You are right about it being good..!!! I eat it out of the jar too...Was that humidity on the lense once you went outside? I hate that.. It does it here always.. Where's the beef? j/k..


----------



## 007bond-jb (Aug 31, 2007)

surfinsapo said:
			
		

> You are right about it being good..!!! I eat it out of the jar too...Was that humidity on the lense once you went outside? I hate that.. It does it here always.. Where's the beef? j/k..



Yup I had some unusable footage cause of that


----------



## surfinsapo (Aug 31, 2007)

007bond-jb said:
			
		

> surfinsapo said:
> 
> 
> 
> ...


My digital camera and the camcorder do it.. I have to let them get used to the hot humid weather.. The video was cool though.. I like when you hit the tripod.. It reminds me of my Dad when I was a delinquent...


----------



## Guest (Aug 31, 2007)

Very cool man.

JB the Pitch Man!


----------



## Diva Q (Aug 31, 2007)

I like wolfe rub.

Both of them but my preference runs to the Bold.


----------



## Nick Prochilo (Aug 31, 2007)

JB, did you use the Bold or the Original?


----------



## Puff1 (Aug 31, 2007)

Thwe Wolfe man has it going on!

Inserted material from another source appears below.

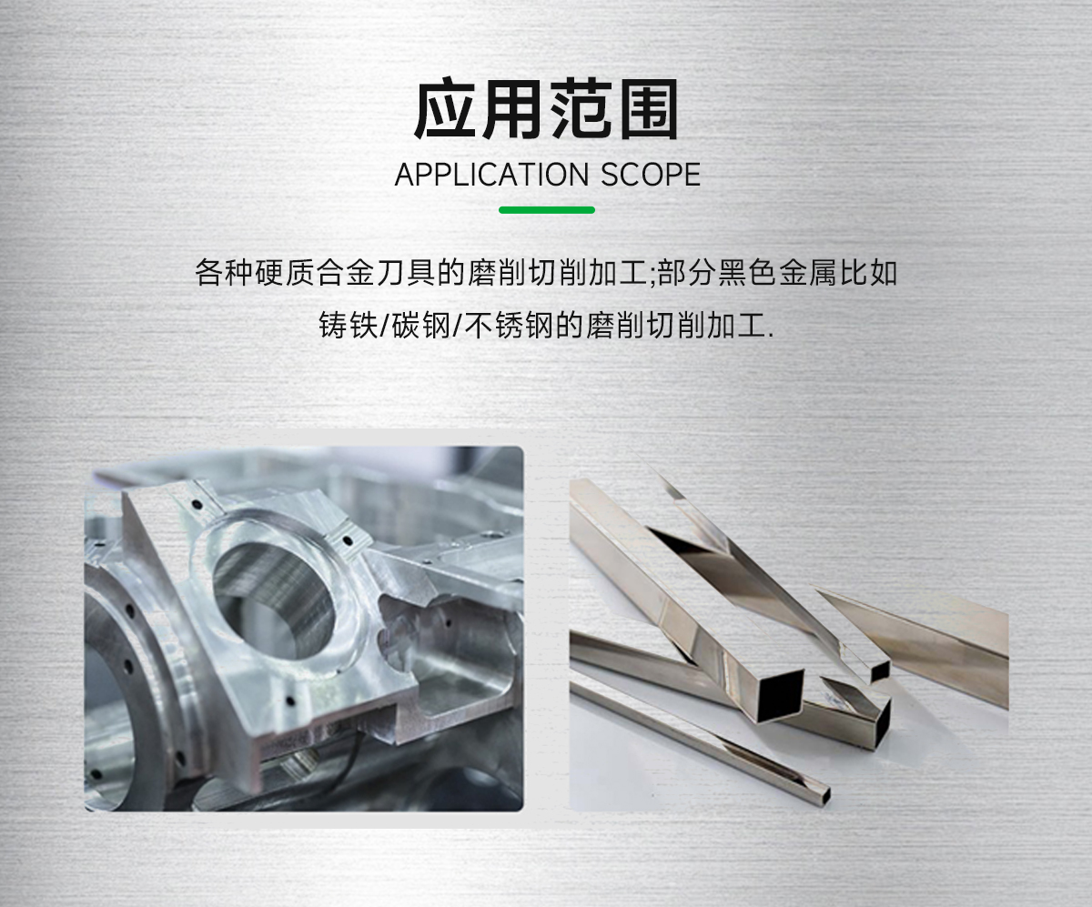 2、适合部分黑色金属比如铸铁/碳钢/不锈钢的磨削切削加工.

Looked great JB!
Kinda' bummed at the 'tater in the paper boat though :? 
Come on man


----------



## 007bond-jb (Sep 1, 2007)

Nick Prochilo said:
			
		

> JB, did you use the Bold or the Original?



The Bold,

I was out out of FRESH tators Puff


----------



## Nick Prochilo (Sep 1, 2007)

007bond-jb said:
			
		

> [quote="Nick Prochilo":2w37tgby]JB, did you use the Bold or the Original?



The Bold,

I was out out of FRESH tators Puff[/quote:2w37tgby]

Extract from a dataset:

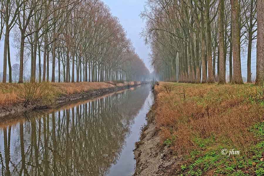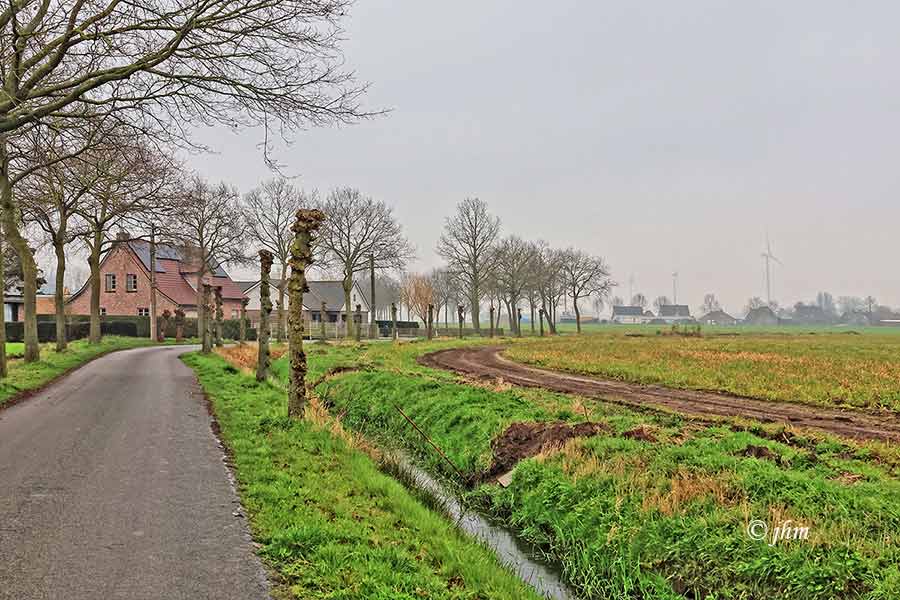 Vrijdag voormiddag Vossenhol Maldegem 12°C, nevelig de zon probeert, weinig wind uit het zuidwesten. Goed om buiten te wandelen of te fietsten.

That Bold is one of my favorites!


----------



## Cliff H. (Sep 1, 2007)

Way Nice


----------



## Big Ron1 (Sep 2, 2007)

Just out of the Jar I like the Bold, but will be grillin with them tomorrow for a true taste test.


----------



## john a (Sep 3, 2007)

Steak just the way I like it JB, RARE!!!


----------